LAMB: I found in your book at one point a discussion about Russell Kirk of the National Review.
PETERSON: A very brief discussion. There is an allusion to him.
LAMB: But the reason I bring it up is that was one of the few times that you could see a modern application of dislike toward Abraham Lincoln, if I read you right.
PETERSON: There is some.
LAMB: Do the conservatives of this country not like Abraham Lincoln?
PETERSON: Well, I think that's an interesting question. Others involved with the National Review, a man named Meyer whom I quote here, who was in the early stages of the National Review an important figure, and also this man M.E. Bradford, whom I discuss at a greater length and who's written quite extensively on Lincoln and generally quite critically. There is an anti-Lincoln tradition in America. I don't deal with it very explicitly in this book. I don't develop it as a line of interpretation because it seems to me it's so minor most of the time, except for the South.

In the South, yes, and I deal throughout the book with the changing Southern image of Lincoln, which has become more and more favorable over time, of course. It was very negative at the beginning but has become more and more positive, I think, to the point where the South accepts Lincoln as a national hero, and they can commemorate him now where they couldn't 40 or 50 years ago very readily or not with great enthusiasm, let's put it that way.
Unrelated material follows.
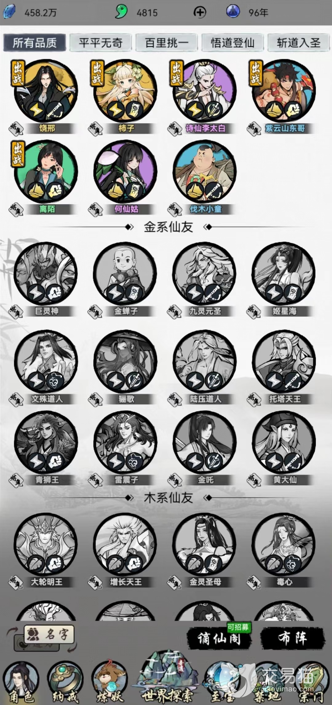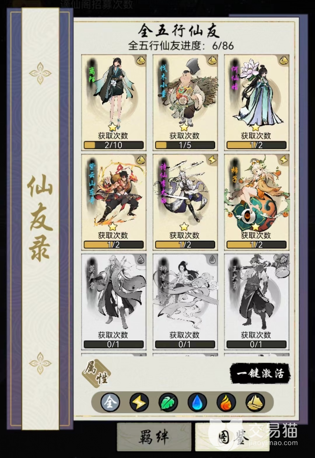如果主角是金属性,那么就不要再上金属性伙伴,而是在木、水、火、土中各选一个。无论是角色里还是图鉴中,仙友都是按照属性进行划分所以不会找错,目前所有角色按照资质分为平平无奇,百里挑一,悟道登仙,斩道入圣,一般来说优先选择品质最高的出战。。

But there is an anti-Lincoln tradition quite beyond that. It's in Northern Copperheadism, for example. They hated Lincoln during the Civil War, and they hated the whole tradition of Lincoln. Edgar Lee Masters, I deal with his book “Lincoln the Man,” which appeared in the early 1930s. This was a devastating attack on Lincoln. It was alleged to be a biography, but basically it was an effort to say that Lincoln had destroyed the country by, in a sense, surrendering it to the money powers during the Civil War. Masters was a man who was committed to sort of an old-fashioned populist Jeffersonianism, and he hated Lincoln.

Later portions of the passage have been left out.